Interleukin-1 beta induces interleukin-6 mRNA expression and protein production in synovial cells from human temporomandibular joint.

Background: Interleukin (IL)-1 beta and IL-6 were found to be elevated in fluid from the temporomandibular joint (TMJ), although the source of these cytokines was not elucidated. There is little known about the function and response of synovial cells in the TMJ. The purpose of this study was to prepare cultured human synovial cells (HTS cells) from the TMJ and to investigate IL-6 production in HTS cells incubated with IL-1 beta.

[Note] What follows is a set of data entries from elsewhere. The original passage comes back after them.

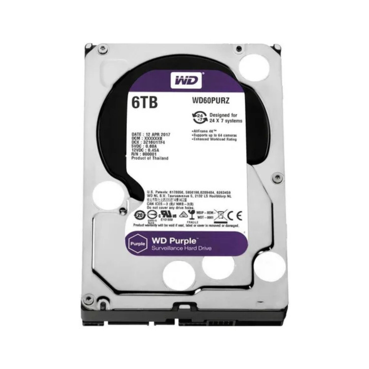 O WD Purple WD64PURZ é um HD interno de 6TB desenvolvido especialmente para sistemas de vigilância. Com 5400 rpm, cache de 256 MB e interface SATA, garante armazenamento confiável de vídeos contínuos, sendo ideal para câmeras de segurança.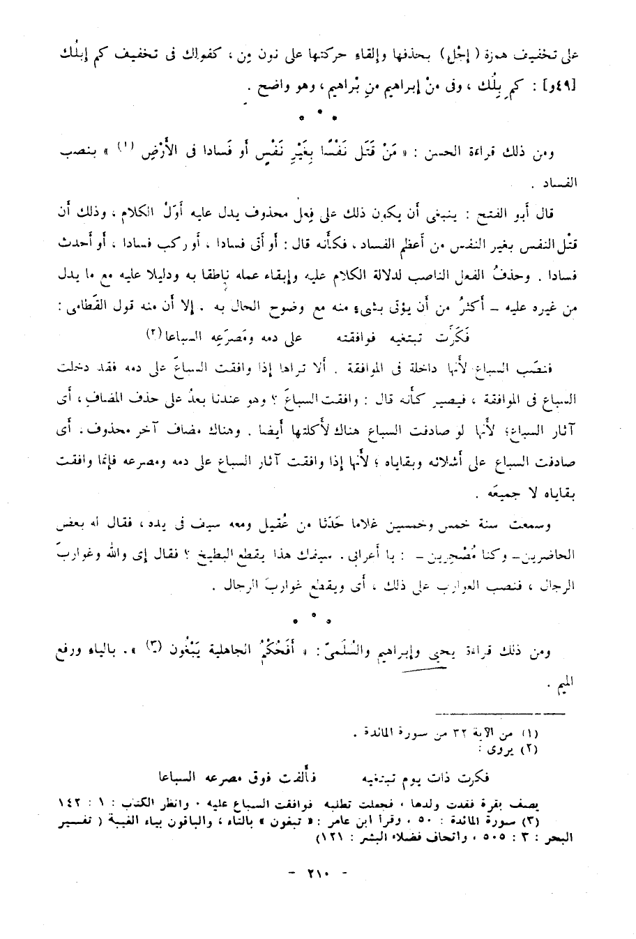 قال أبو الفتح: ينبغي أن يكون ذلك على فعل محذوف يدل عليه أول الكلام؛ وذلك أن قتل النفس بغير النفس من أعظم الفساد، فكأنه قال: قال أو أتى فسادًا، أو ركب فسادًا، أو أحدث فسادًا. وحذفُ الفعل الناصب لدلالة الكلام عليه وإبقاء علمه ناطقًا به ودليلًا عليه مع ما يدل من غيره عليه -أكثرُ من أن يؤتى بشيء منه مع وضوح الحال به، إلا أن منه قول القطامي: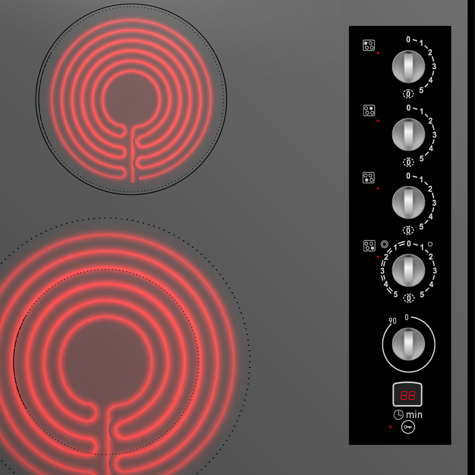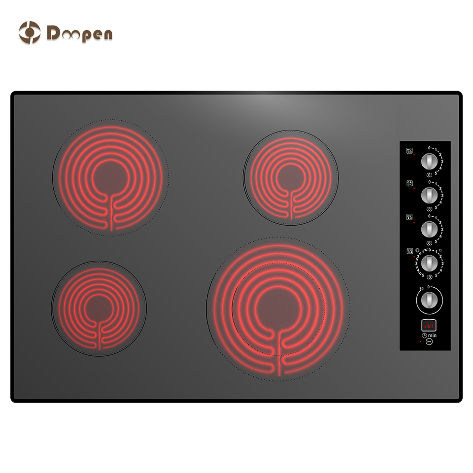 Built in Electric Cooktop with 4 Elements Flat Cooking Surface Metal Rotary Dial Controls and Dual-Circuit Zones

Methods: HTS cells were isolated from temporomandibular joint synovial tissue using an outgrowth method and then cultured in Ham's F12 medium containing 10% fetal bovine serum. The HTS cells were treated with or without IL-1 beta for 3, 6, 9 and 24 h. IL-6 and soluble IL-6 receptor (sIL-6R) levels in cultured supernatant were measured by ELISA. IL-6 mRNA expression was investigated using immunocytochemistry and RT-PCR.

Results: HTS cells were morphologically heterogeneous. IL-1 beta increased IL-6 production in HTS cells. In those treated with IL-1 beta, several cells were strongly stained in the cytoplasm around the nucleus, while several cells were weakly stained in this area. IL-1 beta also stimulated IL-6 mRNA expression. In contrast, sIL-6R could not be detected in cells treated with or without IL-1 beta.

Conclusions: IL-1 beta increased IL-6 production in synovial cells resulting from an increase in IL-6 mRNA expression. Enhanced production of IL-6, which is associated with bone resorption and inflammatory response, seems to be related to the progression of TMJ disorders.